Hansa Srinivasan: Yeah.

Nicole Brichtova: And so we just made it easier.

Hansa Srinivasan: Yeah. Yeah, exactly. I think publicly, people were like, “Nano Banana. Nano Banana. How do I use Nano Banana?”

Stephanie Zhan: [laughs]

Hansa Srinivasan: I had someone at Google I work with be like, “How do I use Nano Banana?” And I was like, “It’s Gemini. It’s right there. Just ask for an image.”

Pat Grady: [laughs]

Hansa Srinivasan: Yeah, but I think that’s the thing is, like, I think Google’s always had this really fun brand, right? Like, it’s been a consumer-oriented company at its inception. And, like, I think it was really nice to play on that image people have of Google as a fun place, fun company and have this fun name.

Nicole Brichtova: It’s also just like a really nice path to fun being a gateway to utility, right? I think Nano Banana, and just the model in general and what you can do with it like put yourself on the red carpet, do all the childhood dream professions you had, it’s like a really fun entry point. But what’s been awesome to see is that once people are in the app and they are using Gemini, they start to use it for other things.

Pat Grady: Yeah.

Nicole Brichtova: That then become useful in their day-to-day life. Like, you use it to study and solve math problems, or you use it to learn about something else. And so I think it’s maybe a little bit undervalued sometimes to, like, have a little fun, not just with the naming but also just like with the products that we build, because it kind of gets people in, gets them excited, and then it helps them discover other things that, you know, the models are awesome at.
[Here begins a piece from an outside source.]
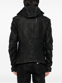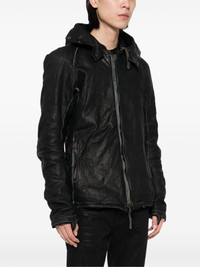 leather jacket Highlights - Black - Leather - Front two-way zip fastening - Detachable hood - Two side zip-fastening pockets - Contrast stitching - Long sleeves - Full lining Imported Composition Horse Leather 100% SIZE & FIT Model measurements Height 6 ft 2 in(1.87 m) Bust/Chest 33.07 in(84 cm) Hips 35.43 in(90 cm) Waist 26.77 in(68 cm) FittingInformation Designed to be unstructured, offering a loose fit throughout The detachable panel offers the preference for a different fit Firm leather offering little flexibility to maintain its durability and sturdiness
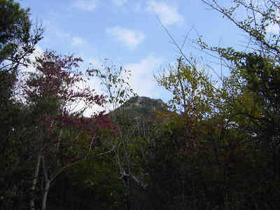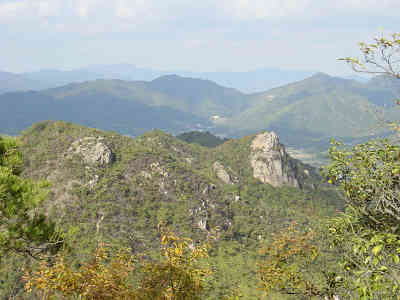 この先から急な斜面を下りて行くが、今日はアップダウンの繰り返しが楽しい。いかにも滑り易い土質の道を下り、自然林の茂る鞍部から登り返す。空を見上げると曇ってきたのが少々気になる。少し登り返して背後を振り返れば岩山は美しいが、その後は霞んで全く景色が見えなくなっている。

Hansa Srinivasan: Yeah. I think other users, like my parents and their friends are using it. I think it’s because it, like, had this reputation. It was really easy, it was really fun. It felt unintimidating to try, and you try it and you’re like, actually, this is very easy to work. This works very easily. It’s very easy to interact with. There’s no, like—you know, technology I think can sometimes be intimidating to people, especially AI right now.

Pat Grady: Yeah.

Hansa Srinivasan: And I think the chatbot naturalness has broken a lot of the barriers, but maybe more so with younger people. And I think this, like, fun—like, yeah, my mom was making these images and having a great time, and then realized she can use it to, like, remove people from the background of her images. Like, these very practical things, right? It started very silly, turned very practical. Then people can use it to realize, like, actually, they can give you then diagrams or help them understand stuff. So I think there’s also, like, a big accessibility component.

Pat Grady: Yeah.

Stephanie Zhan: Where do you want to take from here? Maybe both from a model side and from a product side.
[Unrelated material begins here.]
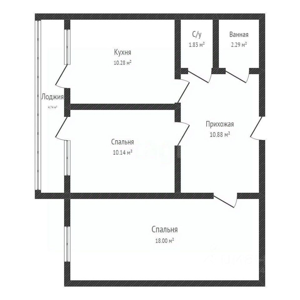Эта двухкомнатная квартира площадью 54,3 кв.м. с просторной лоджией 7 кв.м.  ваш идеальный выбор!

Nicole Brichtova: On the product side, I think there’s kind of a couple areas. Like, on the consumer side I still think we have a long way to go to just, like, make these things easier to use, right? You will notice that a lot of the Nano Banana prompts are, like, a hundred words long, and people actually go in and copy-paste them into the Gemini app, and go through the work to make it work because the payoff is worth it. But I think we have to get past this prompt engineering phase for consumers and just, like, make things really easy for them to use.

I think on the professional side, we need to get into, like, much more precise control, kind of robustness, like, reproducibility to make it useful in actual professional workflows, right? So, like, yes, we’re very good at editing consistency and not changing pixels, but we’re not a hundred percent there. And when you’re a professional, you need to be a hundred percent there, right? Like, you really need kind of these precise, maybe even like gesture-based controls, like over every single pixel in the frame. So we definitely need to go in that direction.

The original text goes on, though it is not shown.